Christian-Albrechts-Universität zu Kiel
The Sr/Ca ratio of carbonate coral skeletons is commonly utilized as a paleothermometer to reconstruct sea surface temperatures (SST). Dome-shaped corals (e.g., Porites, Diploria, Siderastrea sp.,) grow all year long and build skeletons that can span more than 300 years into the past, and hence represent valuable archives to reconstruct past climate conditions. Fossil corals provide records of seasonal to interannual variability up to the last Interglacial. These paleo-temperature data sets are crucial for validating models that predict Earth’s future climate.
The Sr/Ca ratio recorded in corals is inversely correlated with the seawater temperature during mineralization. Traditional Sr/Ca analysis uses micro-drilled coral carbonate powder, that provides a spatial resolution of ~0.5 mm, enabling biweekly SST estimates. However, this approach is extremely labour-intensive and time-consuming given the sample numbers needed to reconstruct a single temperature record (~1000 samples / 100 yrs), not including any replication.
Direct in situ laser ablation presents significant potential for enhancing both throughput and spatial resolution.
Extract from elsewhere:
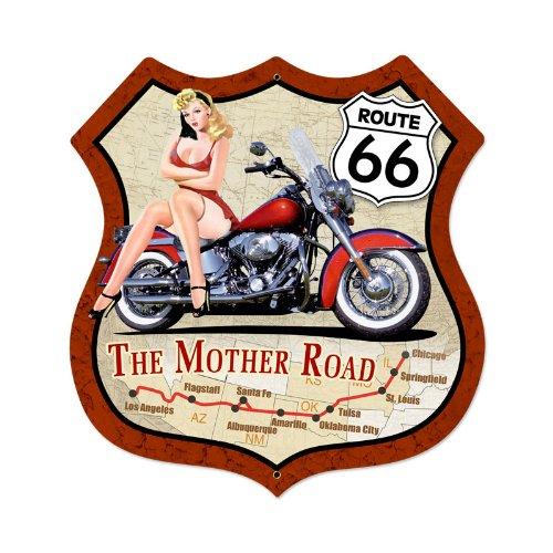 Route 66 Pinup Metal Sign Wall Decor This Route 66 Pinup shield metal sign measures 28 inches by 28 inches and weighs in at 7 lb(s). This shield metal sign is hand made in the USA using heavy gauge american steel and a process known as sublimation, where the image is baked into a powder coating for a durable and long lasting finish. This shield metal sign is drilled and riveted for easy hanging.

However, the quality of existing data from in situ Sr/Ca measurements using sequential instruments has proven inadequate for high-resolution temperature reconstructions. As a result, there is a strong demand for truly simultaneous multi-element detection.
To reconstruct weekly to biweekly SST in corals with high throughput (75 years/day) we have coupled the only commercially available ICP-OES instrument capable of simultaneous detection of elemental wavelength and adequate time-resolved acquisition of Sr/Ca ratios (SPECTRO Arcos II MV) with a commercial LA system (ESL imageGEO193, equipped with ESL TV2 and DCI). Calibration of intensity ratios is achieved using a series of coral-carbonate nanoparticulate powder pellets with varying Sr/Ca ratios. We will present the performance metrics of this setup for high-precision Sr/Ca analysis by LA-ICP-OES and compare it to traditional solution-based methods.